Custom ScriptΒΆ

A basic approach is a custom script that generates a database according to the Cinema Specifications, CinemaScience Specifications. This approach may be appropriate for both simulation and experimental data, run statistics, or other already extant datasets. Taking in one CDB, performing analysis and outputting an updated CDB is a common workflow.

Any programming language can be used but here we demonstrate a pandas dataframe approach. In this pseudo-script, an input CSV file is read in, manipulated, has a final image FILE column added and then is written out to a CDB. Along the way, the necessary directories are created and the images are moved over from an input directory to the data/image directory.

#! /usr/bin/env python
# Psuedo code to generate a custom Cinema Database

import sys, os
import pandas as pd

###############################################
# writes the data frame to the CDB data.csv file
################################################
def write_data(fname, df):
    sys.stderr.write ("Writing Cinema database data.csv...\n")

    with open(fname, "w") as output:
                df.to_csv(fname, mode='w', sep=',' , index=False)
################################################

# get database parameters from sys.argv
runParams = [180101, 00]   # Default run params
if len(sys.argv) == 3:
    runParams[0] = int( float(sys.argv[1]) )
    runParams[1] = int( float(sys.argv[2]) )
else:
    sys.stderr.write ( ("Warning, no run information, using defaults: {};{}\n").format(runParams[0],runParams[1]) )

# Setup CDB directory structure and default image for file
sys.stderr.write ( 'Run Params: {}_{}\n'.format(runParams[0],runParams[1]))
sys.stderr.write ( 'Creating Cinema Database directory structure ...\n' )
inputDir = 'input/'
dataDir  = 'data/run_{}_{}.cdb'.format(runParams[0],runParams[1] )
imageDir = dataDir+'/image'
defaultFILEimg = 'cinemaNoFILE.png'

# check for dataDir; copy default File img to image directory
os.makedirs(dataDir, exist_ok=True)
os.system('/bin/cp ' + defaultFILEimg +' '+ imageDir+'/.')

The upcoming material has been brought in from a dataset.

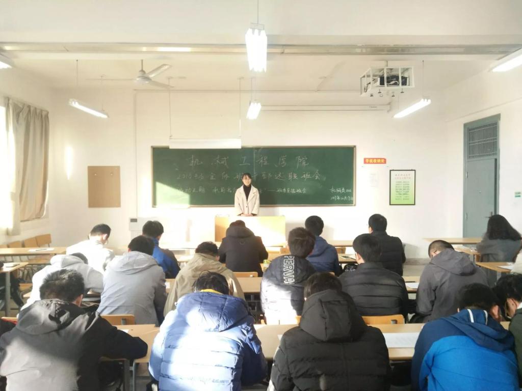 為了更好的完善學(xué)生干部管理制度,了解各班班級(jí)情況,進(jìn)一步提高班委的工作水平,促進(jìn)學(xué)院學(xué)風(fēng)建設(shè),2017年12月18日,機(jī)械工程學(xué)院召開(kāi)2016級(jí)班干部述職大會(huì)第一講。大會(huì)分為兩個(gè)會(huì)場(chǎng),第一場(chǎng)會(huì)議由2016級(jí)輔導(dǎo)員程鵬老師主持,機(jī)械類1602班全體同學(xué)參加;第二場(chǎng)會(huì)議由2016級(jí)輔導(dǎo)員楊芝老師主持,機(jī)械類1601班全體同學(xué)參加。
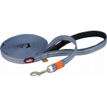 El azul con bandas reflectantes aporta un diseño moderno y, al mismo tiempo, mejora la visibilidad en zonas con poca luz, siendo muy útil para paseos nocturnos o al amanecer. Se ofrece en dos longitudes (5 m y 10 m) y cuenta con el Sello 1% Para Los Animales, apoyando la protección animal.

# Read in the already-existing dataset
sys.stderr.write ("Reading in datafile file...\n")
inputFile = inputDir + 'run_{}_{}.csv'.format(runParams[0],runParams[1] )
dfRun = pd.read_csv(inputFile, sep=',')

#  manipulate the dfRun dataframe:
sys.stderr.write ("Analysis and Image File Code Block...\n")
dfRun['newVar'] = dfRun['var1']/dfRun['var2']    # perform some analysis
if 'uselessProperty' in dfRun.columns:           # delete a column
    dfRun = dfRun.drop(['uselessProperty'], axis =1)
# ...etc...
dfRun['FILE'] = defaultFILEimg                   # add the final FILE column for images
for index, row in dfRun.iterrows():              # select an image to show for that row
    thisValue = row['newVar']
    thisImage = inputDir + 'run_{}_{}_{}.png'.format(thisValue, runParams[0],runParams[1])
    if os.path.isfile(thisImage):                # check if it exists and if so
         row['FILE'] = imageDir + thisImage      # set the FILE variable to that image
         os.system('/bin/mv ' + inputDir+thisImage +' '+ imageDir+'/.')  # and move it to the image directory

# Write out the dataframe to a Cinema database data.csv
datafilename = dataDir+'/data.csv'
write_data( datafilename, dfRun)

Alternately, one can use a text editor or spreadsheet program to generate the necessary CSV files.